Every line of the material is to be transcribed verbatim, with images omitted.

| Information supplied |

────────────────

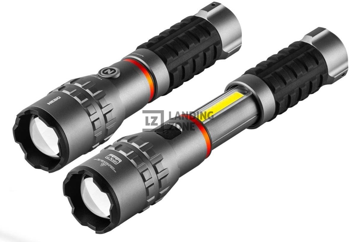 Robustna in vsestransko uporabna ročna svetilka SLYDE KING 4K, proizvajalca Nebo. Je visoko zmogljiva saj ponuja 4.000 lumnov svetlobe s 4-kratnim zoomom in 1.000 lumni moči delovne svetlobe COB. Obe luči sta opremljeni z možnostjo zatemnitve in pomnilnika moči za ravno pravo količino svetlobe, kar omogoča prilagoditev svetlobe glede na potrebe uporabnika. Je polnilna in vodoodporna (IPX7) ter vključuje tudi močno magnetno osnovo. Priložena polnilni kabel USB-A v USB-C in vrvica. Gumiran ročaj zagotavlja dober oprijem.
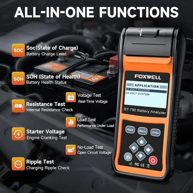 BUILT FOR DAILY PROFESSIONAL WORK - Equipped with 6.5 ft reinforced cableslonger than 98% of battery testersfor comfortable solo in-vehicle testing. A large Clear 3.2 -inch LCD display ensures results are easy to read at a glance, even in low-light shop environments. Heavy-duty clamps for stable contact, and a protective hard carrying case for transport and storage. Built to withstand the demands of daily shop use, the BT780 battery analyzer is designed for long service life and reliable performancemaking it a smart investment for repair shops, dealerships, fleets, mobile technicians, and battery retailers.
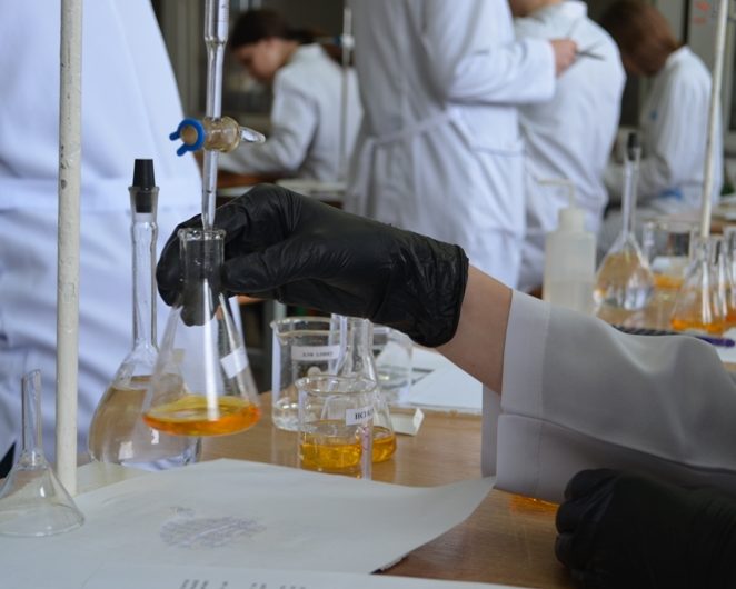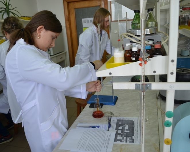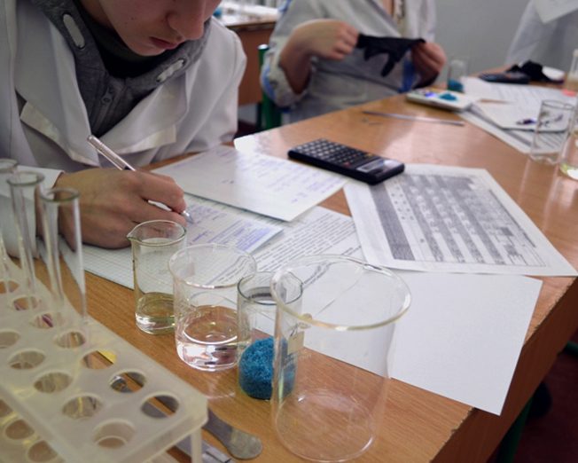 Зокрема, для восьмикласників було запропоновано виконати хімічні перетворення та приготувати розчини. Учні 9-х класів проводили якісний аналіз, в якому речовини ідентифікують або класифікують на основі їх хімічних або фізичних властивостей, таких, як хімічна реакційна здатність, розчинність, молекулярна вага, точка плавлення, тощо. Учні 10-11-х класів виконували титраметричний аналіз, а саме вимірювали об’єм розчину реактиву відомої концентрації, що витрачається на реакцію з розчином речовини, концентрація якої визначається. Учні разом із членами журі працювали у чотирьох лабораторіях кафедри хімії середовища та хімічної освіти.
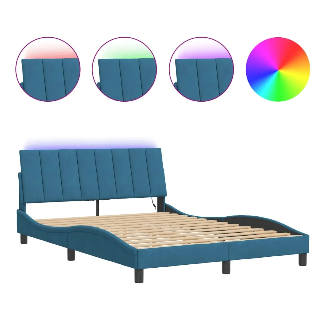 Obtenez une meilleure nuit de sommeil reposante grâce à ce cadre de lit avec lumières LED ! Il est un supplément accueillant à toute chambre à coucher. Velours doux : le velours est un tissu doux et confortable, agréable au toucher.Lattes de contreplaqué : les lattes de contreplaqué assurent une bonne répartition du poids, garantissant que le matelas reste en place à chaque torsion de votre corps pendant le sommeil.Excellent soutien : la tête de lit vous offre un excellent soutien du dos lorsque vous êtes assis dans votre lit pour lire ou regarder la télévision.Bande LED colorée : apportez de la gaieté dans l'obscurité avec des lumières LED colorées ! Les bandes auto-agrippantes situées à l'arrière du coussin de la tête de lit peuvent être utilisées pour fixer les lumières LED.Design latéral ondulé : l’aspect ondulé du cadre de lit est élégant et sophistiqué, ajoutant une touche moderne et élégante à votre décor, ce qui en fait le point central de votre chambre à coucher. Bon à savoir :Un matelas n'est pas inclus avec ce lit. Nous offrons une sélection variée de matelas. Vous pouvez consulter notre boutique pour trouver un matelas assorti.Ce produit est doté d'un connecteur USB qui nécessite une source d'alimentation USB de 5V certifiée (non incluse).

────────────────

| Reply to the exercise |
 Robustna in vsestransko uporabna ročna svetilka SLYDE KING 4K, proizvajalca Nebo. Je visoko zmogljiva saj ponuja 4.000 lumnov svetlobe s 4-kratnim zoomom in 1.000 lumni moči delovne svetlobe COB. Obe luči sta opremljeni z možnostjo zatemnitve in pomnilnika moči za ravno pravo količino svetlobe, kar omogoča prilagoditev svetlobe glede na potrebe uporabnika. Je polnilna in vodoodporna (IPX7) ter vključuje tudi močno magnetno osnovo. Priložena polnilni kabel USB-A v USB-C in vrvica. Gumiran ročaj zagotavlja dober oprijem.
 BUILT FOR DAILY PROFESSIONAL WORK - Equipped with 6.5 ft reinforced cableslonger than 98% of battery testersfor comfortable solo in-vehicle testing. A large Clear 3.2 -inch LCD display ensures results are easy to read at a glance, even in low-light shop environments. Heavy-duty clamps for stable contact, and a protective hard carrying case for transport and storage. Built to withstand the demands of daily shop use, the BT780 battery analyzer is designed for long service life and reliable performancemaking it a smart investment for repair shops, dealerships, fleets, mobile technicians, and battery retailers.
 Зокрема, для восьмикласників було запропоновано виконати хімічні перетворення та приготувати розчини. Учні 9-х класів проводили якісний аналіз, в якому речовини ідентифікують або класифікують на основі їх хімічних або фізичних властивостей, таких, як хімічна реакційна здатність, розчинність, молекулярна вага, точка плавлення, тощо. Учні 10-11-х класів виконували титраметричний аналіз, а саме вимірювали об’єм розчину реактиву відомої концентрації, що витрачається на реакцію з розчином речовини, концентрація якої визначається. Учні разом із членами журі працювали у чотирьох лабораторіях кафедри хімії середовища та хімічної освіти.
 Obtenez une meilleure nuit de sommeil reposante grâce à ce cadre de lit avec lumières LED ! Il est un supplément accueillant à toute chambre à coucher. Velours doux : le velours est un tissu doux et confortable, agréable au toucher.Lattes de contreplaqué : les lattes de contreplaqué assurent une bonne répartition du poids, garantissant que le matelas reste en place à chaque torsion de votre corps pendant le sommeil.Excellent soutien : la tête de lit vous offre un excellent soutien du dos lorsque vous êtes assis dans votre lit pour lire ou regarder la télévision.Bande LED colorée : apportez de la gaieté dans l'obscurité avec des lumières LED colorées ! Les bandes auto-agrippantes situées à l'arrière du coussin de la tête de lit peuvent être utilisées pour fixer les lumières LED.Design latéral ondulé : l’aspect ondulé du cadre de lit est élégant et sophistiqué, ajoutant une touche moderne et élégante à votre décor, ce qui en fait le point central de votre chambre à coucher. Bon à savoir :Un matelas n'est pas inclus avec ce lit. Nous offrons une sélection variée de matelas. Vous pouvez consulter notre boutique pour trouver un matelas assorti.Ce produit est doté d'un connecteur USB qui nécessite une source d'alimentation USB de 5V certifiée (non incluse).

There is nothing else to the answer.